Auto-prompting — just add --auto-prompt and let the pipeline figure it out. The LLM will analyze the content and generate an appropriate vocabulary prompt automatically.

Post-correction — add --correct for local LLM cleanup or --cloud-correct for cloud-based correction of brand names and phonetic errors.

Summaries — add --summary to append a structured summary with decisions and action items to the transcript.

Glossary — maintain a ~/.config/whisper/glossary.txt with common misrecognitions for your domain. The glossary informs prompts, ROVER voting, and post-correction.

The alignment model is selected automatically based on the detected language. The diarization is language-agnostic. The Docker container, GPU setup, and caching logic don’t change.

Wrapping up
#

The project lives at github.com/steemandavid/whisper-transcribe , alongside the other self-hosted tools on my home server. If you have an NVIDIA GPU with at least 8 GB of VRAM and a Docker setup with the NVIDIA runtime, you can have the same pipeline running in under an hour — assuming you don’t hit the same library and API issues I did. If you do, well, at least now you know the fixes.
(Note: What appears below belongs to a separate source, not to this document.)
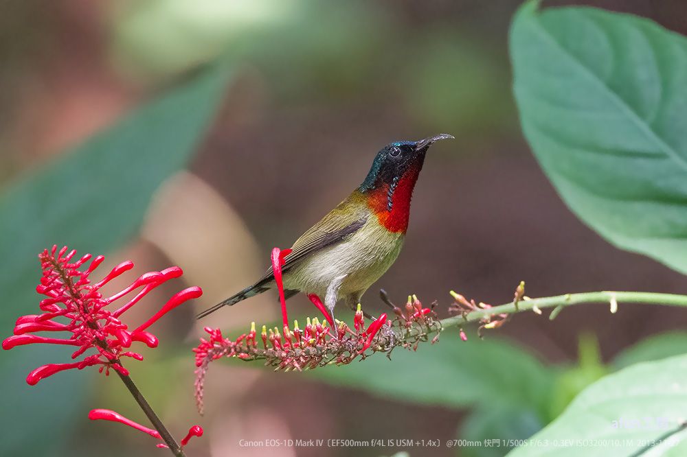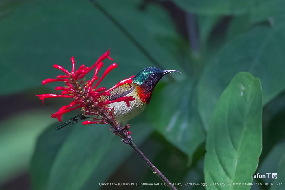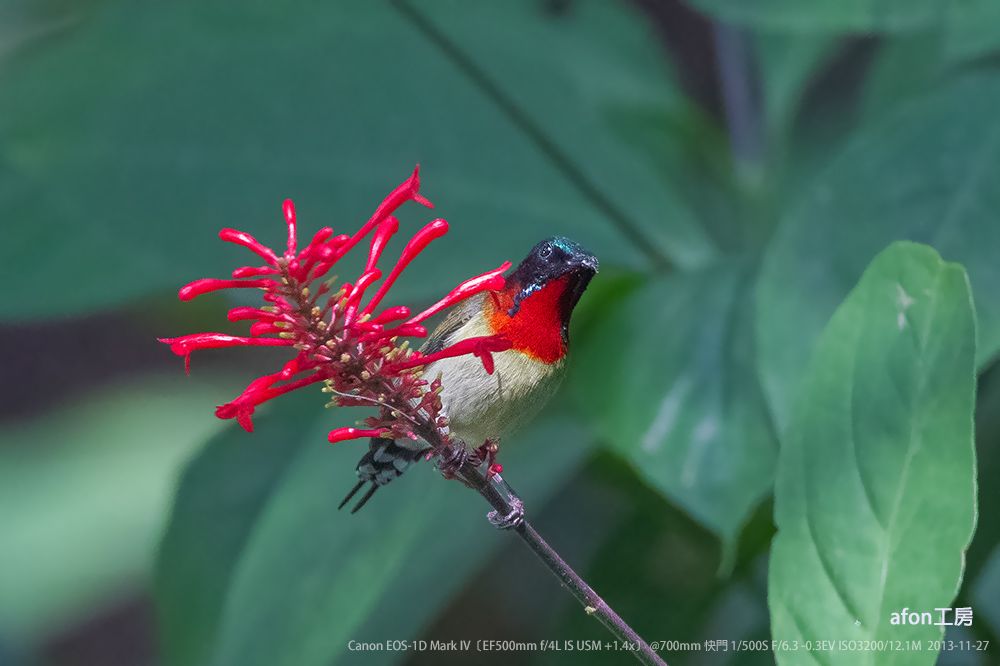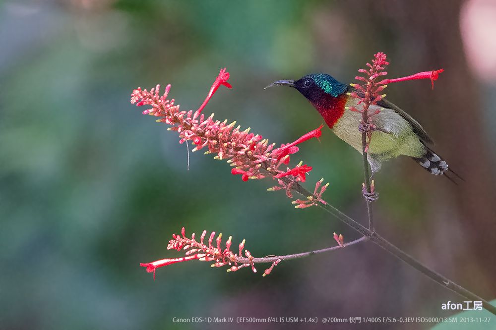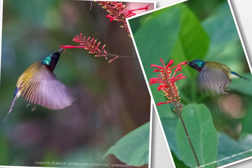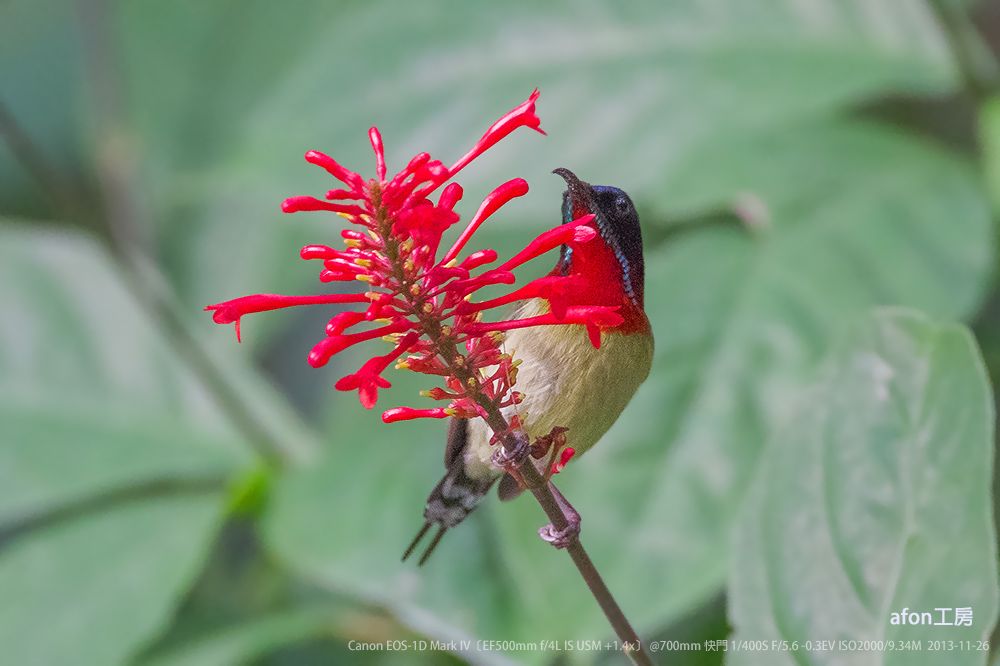 暗淡的太陽蜂鳥是美洲的特有品種,我們亞洲是沒有這種可愛的雀鳥的。開始鳥攝時,首次拍攝叉尾太陽鳥雄鳥時,見這隻羽色奪目的小傢伙以卓越的飛行能力,懸停在吸食花蜜,直觀地將之誤為蜂鳥。後來經前輩指點,方知是個美麗的誤會。叉尾在澳門屬留鳥,但在幾年的外拍中,僅在冬候鳥來訪及至翌年春天,才能間斷地拍得牠們。此外,也從未在澳門見過叉尾雛幼鳥(在香港嘉道理農場曾拍過換羽中的幼鳥)。01.去年11月底,在離島某郊野公園傳來紅尾水鴝的鳥訊,我也在那邊等候了幾天。期間,經常有叉尾來湊熱鬧。02.這隻雄鳥是受了這些小紅花的召喚而來的,可惜這裡的樹蔭蔽天,感光度直達iso5000。03.高感光度令照片顆粒超粗,經後製也仍留下很多痕跡。04.為了不影響主角---紅尾水鴝,只得靜靜地坐著從約10米外拍攝。05.想以較接近拍攝距離減少不用裁切太大而產生的顆粒,但基於上述原因也只好作罷。06.從未拍過叉尾的懸停吸蜜動作,這次因為距望較遠,反而拍得這種紀錄。為遷就感光度,快門速度只能設在安全快門(沒想到拍懸停),所以無法將拍翼動作凝結下來。07.叉尾雄鳥下嘴末端至胸部的羽毛是鮮紅色的,並呈三角形,三角的兩腰則是閃亮的淺藍色。08.除了飛行技術了得之外,叉尾還有一招絕技,就是倒吊吸蜜。09.向下彎的長嘴是叉尾的專用餐具,留意嘴尖還伸出牠那細長的舌頭。10.後來曾再去那郊野公園,希望能專心拍一次叉尾,可惜整個上午都未有出現。11.再來一張去年初時拍的,一般叉尾都留在離地3、4米的橫枝,所以只能以仰拍方式拍攝。叉尾太陽鳥Fork-tailed Sunbird,學名Aethopyga christinae,分類為:雀形目>太陽鳥科>太陽鳥屬外拍時帶備一條毛巾,既比用紙巾實際,又能減少使用紙張,不妨試試。afon

The v2 pipeline overhaul takes the tool well beyond raw transcription. Multi-engine ASR with ROVER reconciliation combines the strengths of multiple models. Audio preprocessing handles the messy reality of phone call recordings and meetings. The glossary provides a structured way to teach the pipeline about domain-specific terminology. LLM post-correction catches the misrecognitions that slip through everything else — producing both a verbatim transcript and a cleaned version. And quality presets let you trade speed for accuracy depending on the situation.